• **Your goal**
Copy out every line in the entries below that includes "This".

• **Data excerpts**
-- -- --

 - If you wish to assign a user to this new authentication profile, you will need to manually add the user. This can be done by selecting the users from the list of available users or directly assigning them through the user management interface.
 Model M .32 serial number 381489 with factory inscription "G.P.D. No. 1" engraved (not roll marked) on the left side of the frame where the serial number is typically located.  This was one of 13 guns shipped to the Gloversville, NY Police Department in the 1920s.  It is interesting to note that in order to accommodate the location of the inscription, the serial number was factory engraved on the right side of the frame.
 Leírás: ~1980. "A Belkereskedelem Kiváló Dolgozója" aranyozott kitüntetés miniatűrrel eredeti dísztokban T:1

-- -- --

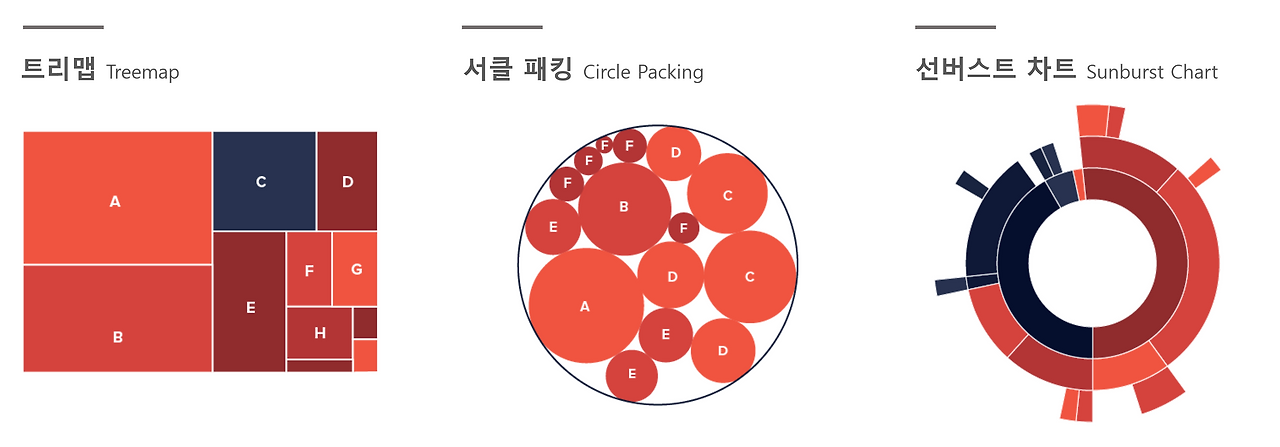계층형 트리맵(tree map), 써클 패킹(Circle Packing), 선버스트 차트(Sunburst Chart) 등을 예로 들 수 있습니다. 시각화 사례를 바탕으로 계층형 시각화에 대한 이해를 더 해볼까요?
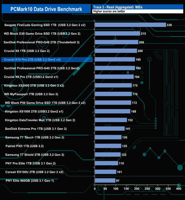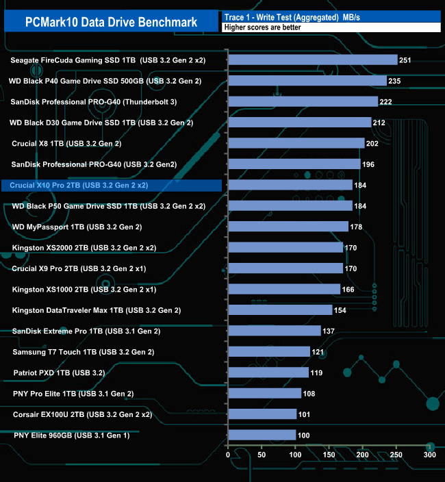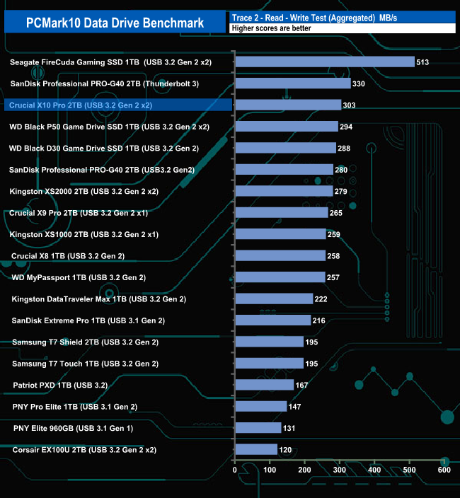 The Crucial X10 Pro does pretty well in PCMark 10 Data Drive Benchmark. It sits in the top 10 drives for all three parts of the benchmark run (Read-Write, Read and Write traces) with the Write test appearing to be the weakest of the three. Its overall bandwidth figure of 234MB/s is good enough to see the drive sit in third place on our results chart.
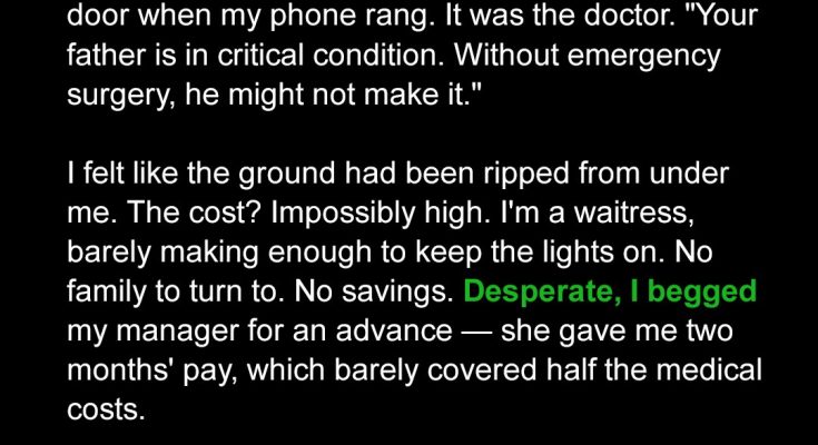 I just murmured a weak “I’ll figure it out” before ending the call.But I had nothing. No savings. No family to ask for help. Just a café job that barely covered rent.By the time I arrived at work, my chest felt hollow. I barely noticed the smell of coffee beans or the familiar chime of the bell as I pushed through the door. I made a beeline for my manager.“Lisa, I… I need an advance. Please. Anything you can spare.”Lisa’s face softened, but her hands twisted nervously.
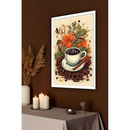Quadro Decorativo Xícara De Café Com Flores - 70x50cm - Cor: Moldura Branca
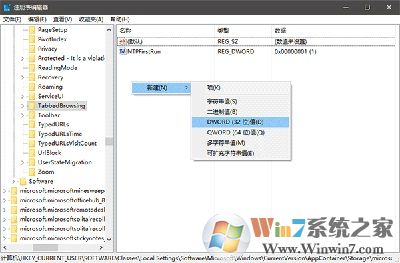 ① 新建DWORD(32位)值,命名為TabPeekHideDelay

-- -- --

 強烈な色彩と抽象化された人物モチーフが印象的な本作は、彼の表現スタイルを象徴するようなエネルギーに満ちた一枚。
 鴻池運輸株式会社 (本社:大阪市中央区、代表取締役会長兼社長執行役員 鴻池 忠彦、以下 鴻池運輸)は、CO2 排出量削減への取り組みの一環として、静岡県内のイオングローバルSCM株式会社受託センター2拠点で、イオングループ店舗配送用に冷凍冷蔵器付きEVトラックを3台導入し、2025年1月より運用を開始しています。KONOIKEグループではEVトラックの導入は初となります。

-- -- --

• **Answer area**
 - If you wish to assign a user to this new authentication profile, you will need to manually add the user. This can be done by selecting the users from the list of available users or directly assigning them through the user management interface.
 Model M .32 serial number 381489 with factory inscription "G.P.D. No. 1" engraved (not roll marked) on the left side of the frame where the serial number is typically located.  This was one of 13 guns shipped to the Gloversville, NY Police Department in the 1920s.  It is interesting to note that in order to accommodate the location of the inscription, the serial number was factory engraved on the right side of the frame.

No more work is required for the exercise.